Wind Waker is unquestionably my favourite Zelda, the only one I've taken to 100% completion (Nintendo gallery included) multiple times, and that was with the old Triforce hunt and before the various conveniences added in WW HD.
Pretty much the only thing threatening its position is that TP and SS set a whole new standard for dungeon design, whereas even WW die-hards like myself will admit that dungeons were one of the few respects in which it was not head and shoulders above the rest of the 3D series.
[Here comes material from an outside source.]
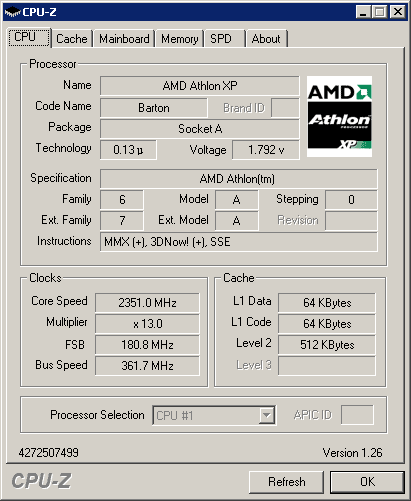 | Процессор (ядро) | AMD Athlon XP (Barton) |

I've missed so much about it—not just the sense of exploration and the overall gorgeousness, but the amount of depth that was put into how items, enemies, and wind physics interacted. It was a joy just to sail around all day and test out how one thing interacts with something else. Nothing excited me for Breath of the Wild more than the declaration early on that the developers were taking Wind Waker and addressing the interchangeability of how the islands were positioned (it didn't really matter where they were, as the sea dividing them was just the sea) by making the traversal of the overworld from one key location to another varied and interesting. SS was on the right track with that, recapturing the density of traversal puzzles in the 2D games, but in segments that were as isolated from each other as the islands in WW.
A proper Wind Waker 2 that dispenses with the constraint of a set order of progression through the story is what I've been asking for since 2003 (partly as I played KOTOR that same year, which led me to envision a future Zelda that would unfold dynamically based on what you decided to do or obtain first—and this time, hopefully in a more meaningful way than the do-it-in-any-order of ALBW, where items were still mostly useful in one place and nowhere else). If we get dungeons that feel as organically woven into their thematic environment as the ones in the middle acts of TP and SS, the package will be complete.
Also when the fuck do we get a spiritual sequel to Majora's Mask. Come on, Nintendo
If BotW is the game we want it to be, I think a crazy Majora-style diversion may be the only way to follow it up. And I'm hoping for it: a smaller-scale game, also on the Switch, that preserves the systems that work in BotW's ground-up redesign but within a tight and idiosyncratic structure sure to invite controversy.